Chris Caulfield almost 13 years

Great explanation thanks. I opted for the redesign (type 'T' is also a template parameter) but I was just hoping I would be able to get rid of it somehow since it seemed like unnecessary duplication.
Chris Caulfield almost 13 years

My real code actually does have captured variables (usually the object on which to call the setter method) but thanks for the clarification.
Dennis Zickefoose almost 13 years

Shouldn't you be able to do something similar to that, but with &F::operator() and pointer-to-member-functions instead of analyzing F directly? That would work for lambdas that accept captures as well, I would think.
Luc Danton almost 13 years

@Dennis Hah, yes, this is allowed.
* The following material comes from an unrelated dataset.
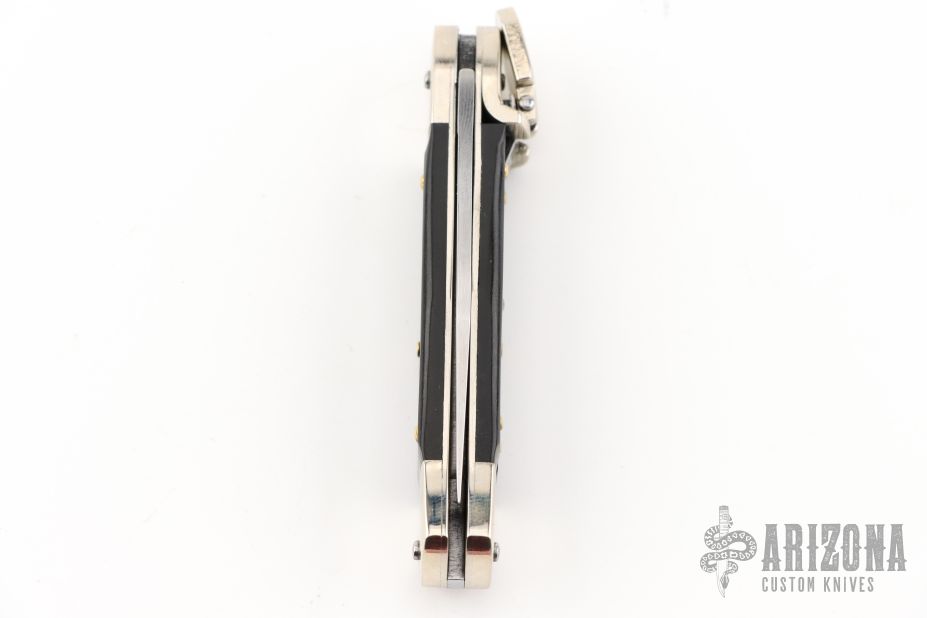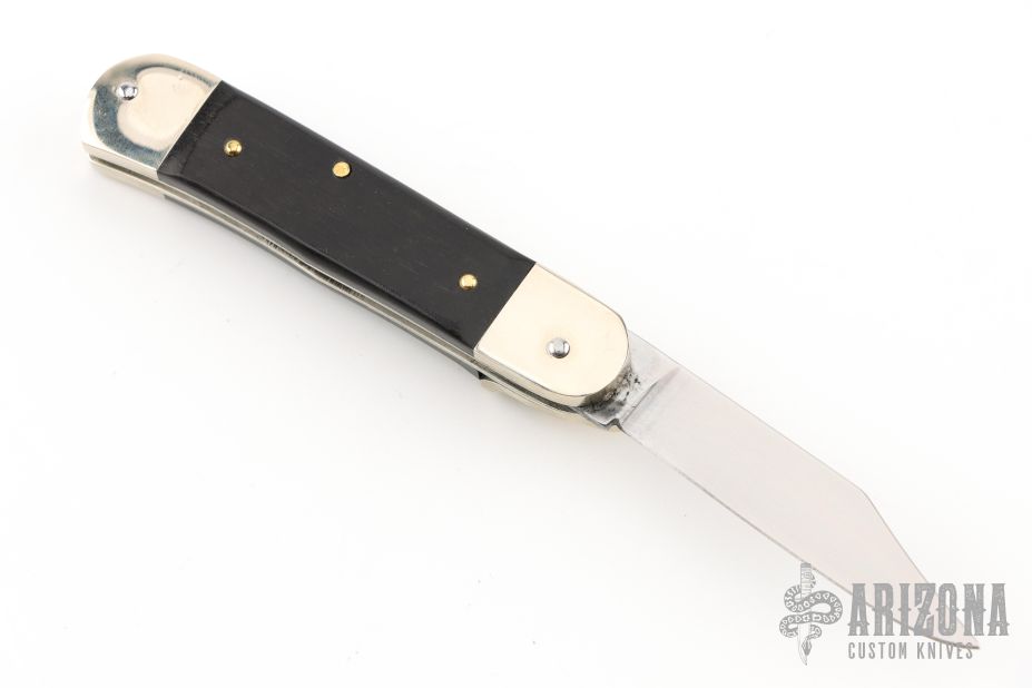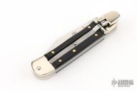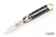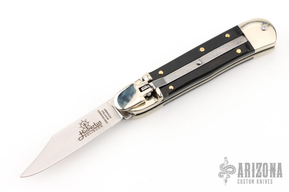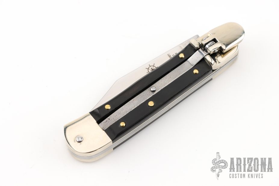 This leverlock auto by Hubertus features a tumble polished blade. The handle has nickel silver double bolsters, ebony scales, nickel silver liners and brass pins. Comes with original box and papers. New condition.

I sure hope that my rewriting will not make me forget about the technique again.
ildjarn almost 13 years

@Dennis : That would work for lambdas, but not for hand-written polymorphic functors or functors with overloaded operator(), which makes it non-viable in my opinion.
Dennis Zickefoose almost 13 years

@ildjarn: Ah, yeah, I can see how those would interfere with a general purpose solution
doug65536 about 8 years

Originally I reported a problem with this, but now I realize that I made a mistake. Here it is online.
Justin about 7 years

Note that with C++17, you can use std::function's deduction guides. Internally, they either use function pointers or inspecting the type's operator(). This could easily be combined with a manual type trait to extract arguments and return type.